→ What the exercise asks: Transcribe the lines below exactly, beginning with the line that holds "X-Ray is a daybed" and ending with the final line, both included. Pictures are to be left out.

→ Information shown:
+--

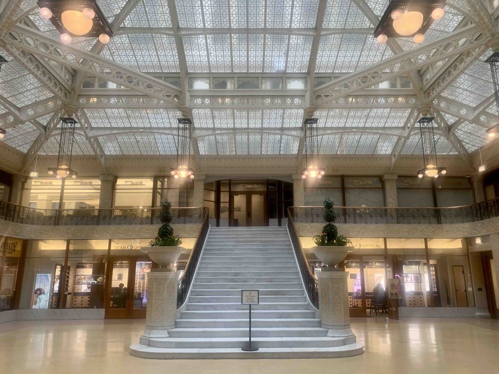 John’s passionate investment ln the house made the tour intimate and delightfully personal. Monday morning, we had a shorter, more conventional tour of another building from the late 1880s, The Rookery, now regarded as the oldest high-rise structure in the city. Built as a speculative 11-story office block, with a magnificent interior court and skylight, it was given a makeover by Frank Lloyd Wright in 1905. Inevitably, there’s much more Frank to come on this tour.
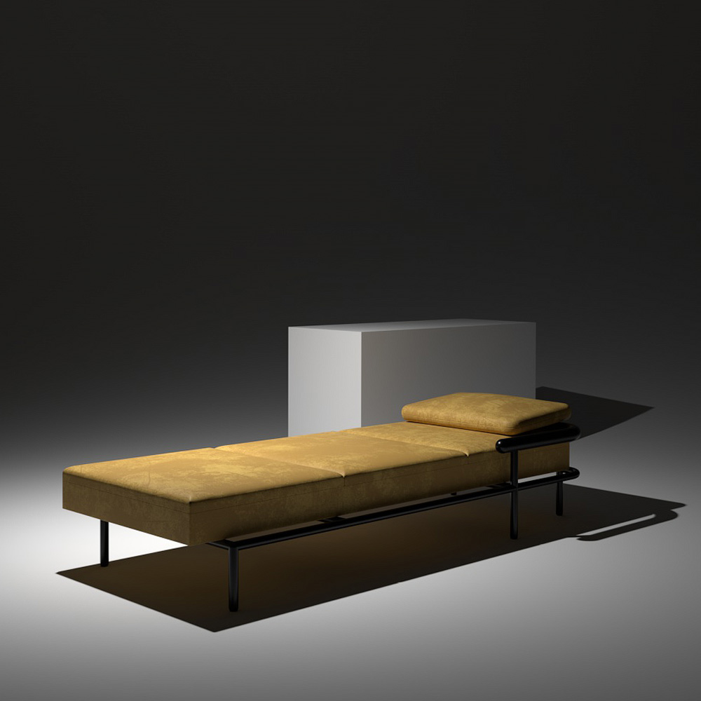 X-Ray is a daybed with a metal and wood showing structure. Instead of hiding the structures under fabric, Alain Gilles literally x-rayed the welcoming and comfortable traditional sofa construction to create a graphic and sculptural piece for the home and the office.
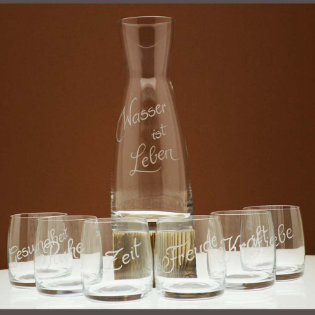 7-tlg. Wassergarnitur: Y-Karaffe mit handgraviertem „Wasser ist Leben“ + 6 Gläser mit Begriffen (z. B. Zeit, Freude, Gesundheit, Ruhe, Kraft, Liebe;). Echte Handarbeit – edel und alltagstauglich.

+--

→ Solution to this exercise:
 X-Ray is a daybed with a metal and wood showing structure. Instead of hiding the structures under fabric, Alain Gilles literally x-rayed the welcoming and comfortable traditional sofa construction to create a graphic and sculptural piece for the home and the office.
 7-tlg. Wassergarnitur: Y-Karaffe mit handgraviertem „Wasser ist Leben“ + 6 Gläser mit Begriffen (z. B. Zeit, Freude, Gesundheit, Ruhe, Kraft, Liebe;). Echte Handarbeit – edel und alltagstauglich.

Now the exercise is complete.